Despite the medical success of her experiment, Halassy faced significant resistance when she attempted to share her findings with the scientific community. She received more than a dozen rejections from various journals before her case report was finally accepted. The primary hesitation among editors was not the validity of her data, but the ethical implications of publishing a self-experiment.
The medical community worries that highlighting such unconventional success stories might encourage patients to reject standard, proven treatments in favor of dangerous, unproven home remedies. Jacob Sherkow, a law and medicine researcher at the University of Illinois Urbana-Champaign, highlighted this dilemma.
While he believes Halassy’s specific study “does fall within the line of being ethical,” he noted that it is “not a slam-dunk case” for publishers who must balance knowledge sharing with public safety.
The paper was eventually published in the journal Vaccines in August 2024 as an “unconventional case study.” The publication explicitly emphasized that self-medication with oncolytic viruses should not be the first approach for cancer patients. Halassy acknowledged the difficulty of the process, stating, “It took a brave editor to publish the report.” Her experience places her in a long, often stigmatized history of scientists experimenting on themselves to advance medical knowledge.

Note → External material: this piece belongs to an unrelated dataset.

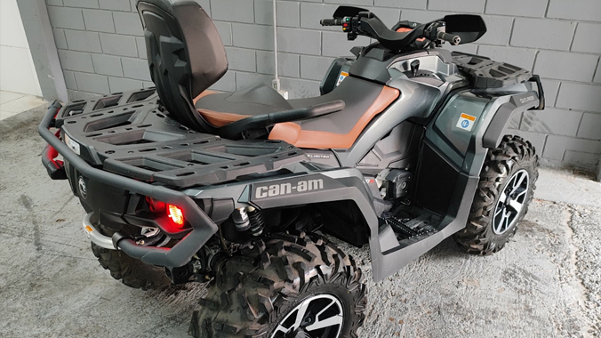 Este quadriciclo Can-Am Outlander Max Limited 1.000R ano 2024 está em excelente estado, com apenas 22 horas/280 km rodados. Equipado motor ACE 1.000R de 91 hp, conta com rack dianteiro e traseiro, pára-choques dianteiro e traseiro, rodas de liga leve, protetores para as mãos no guidão, guincho dianteiro, além de muito mais! Um veículo off-road com lugar para até 2 ocupantes que está preparado para enfrentar qualquer situação. Venha ver de perto!

Navigating Treatment Options Responsibly

While Beata Halassy’s success story is compelling, it comes with a critical disclaimer: this was a controlled scientific endeavor, not a home remedy. Halassy herself believes it is unlikely others will attempt to copy her simply because the treatment requires high-level scientific knowledge and access to research-grade materials. However, her journey offers valuable lessons on how patients can approach their own diagnoses.

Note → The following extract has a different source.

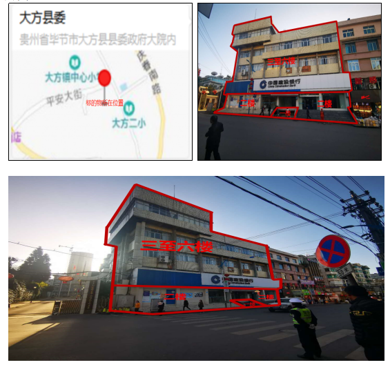 1、畢節(jié)市大方縣大方鎮(zhèn)南街1層至6層辦公用房,建筑面積1479.43㎡

First, this case highlights the importance of exploring all available options, including clinical trials. Halassy did not reject science; she leaned into it. Patients facing difficult diagnoses can work with their medical teams to identify ongoing clinical trials for emerging therapies like oncolytic virotherapy (OVT). These trials provide access to cutting-edge treatments under strict safety protocols, removing the extreme risks associated with self-experimentation.
Second, medical supervision is non-negotiable. Even with her extensive expertise, Halassy did not act entirely alone. She engaged her oncologists, who agreed to monitor her progress throughout the experiment. They had a contingency plan to switch back to conventional chemotherapy immediately if the viral treatment failed. This underscores a vital rule for any patient considering alternative or adjunctive therapies: never hide treatments from your primary care team. Transparent collaboration with doctors ensures that safety nets remain in place, regardless of the treatment path chosen.

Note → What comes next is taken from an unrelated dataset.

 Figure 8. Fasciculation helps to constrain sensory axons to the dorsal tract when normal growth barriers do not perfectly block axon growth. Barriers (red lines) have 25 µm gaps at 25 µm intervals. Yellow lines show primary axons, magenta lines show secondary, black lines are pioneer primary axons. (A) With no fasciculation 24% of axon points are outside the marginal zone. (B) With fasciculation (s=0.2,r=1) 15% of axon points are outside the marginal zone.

One Woman’s Risk to Future Cures

Beata Halassy didn’t just walk away from this experience cancer-free; she walked away with a new mission. Because of her success, she completely changed the focus of her lab. She recently secured funding to test this same viral therapy on domestic animals, like dogs and cats, battling cancer.
This shift is crucial. While her personal experiment was risky, moving this research into a controlled lab setting is how real medical progress happens. It bridges the gap between a “wild idea” and a safe, approved treatment that you can get at a hospital. By treating pets, researchers can gather the necessary safety data to eventually bring these therapies to human clinical trials properly.
Jacob Sherkow, the legal researcher, made a strong point: we can’t let valuable knowledge disappear just because the method was controversial. We have to learn from it. Halassy’s choice to publish her results—and now apply them to veterinary medicine—means this data won’t be lost. It will be tested, refined, and perfected.